EXERCISE DATA below:

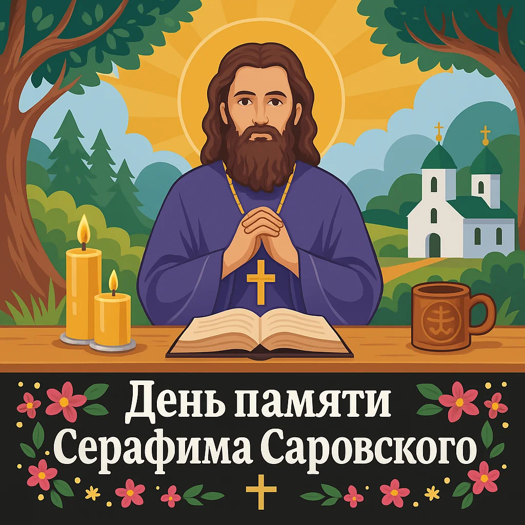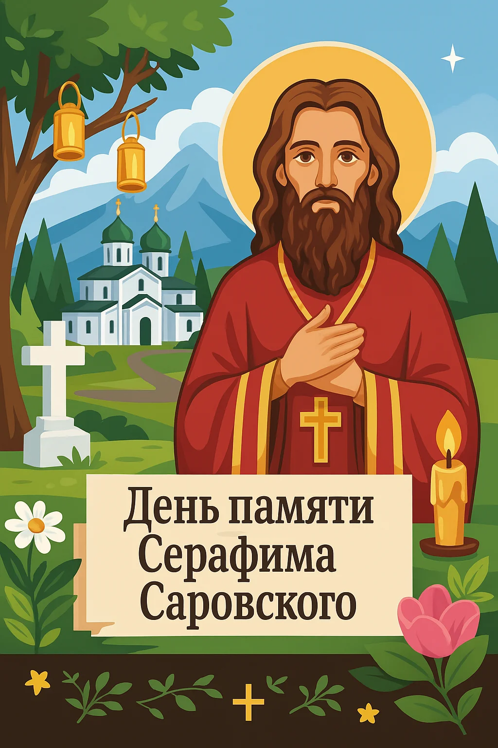 В поздравлениях и пожеланиях в День памяти Серафима Саровского звучат слова мира, веры и утешения: «Пусть по молитвам святого в твоей жизни будет свет и покой», «Смирения, радости в сердце и Божией благодати», «Да поможет тебе святой Серафим в пути и трудах». Такие слова особенно уместны в открытке и звучат как тихая молитва.
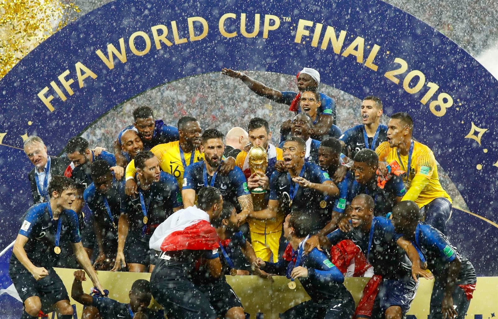 جوقة الشرف في انتظار منتخب فرنسا بعد الفوز بكأس العالم
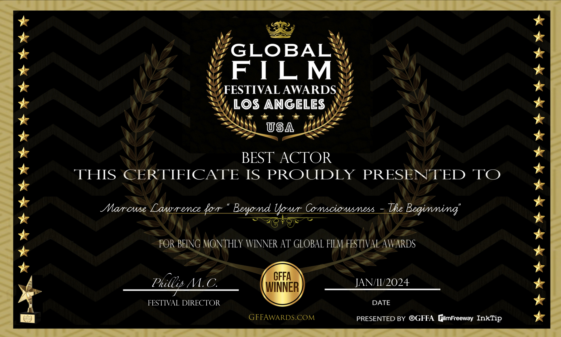 Marcuse Lawrence, from Beyond Your Consciousness – The Beginning, was awarded Best Actor at the Global Film Festival Awards, Los Angeles, USA.

End of EXERCISE DATA.

== WHAT IS BEING ASKED ==
All lines from the line with "جوقة الشرف في" through the final line of the listing are to be printed exactly, both ends included; the pictures are not.

== EXPECTED ANSWER ==
 جوقة الشرف في انتظار منتخب فرنسا بعد الفوز بكأس العالم
 Marcuse Lawrence, from Beyond Your Consciousness – The Beginning, was awarded Best Actor at the Global Film Festival Awards, Los Angeles, USA.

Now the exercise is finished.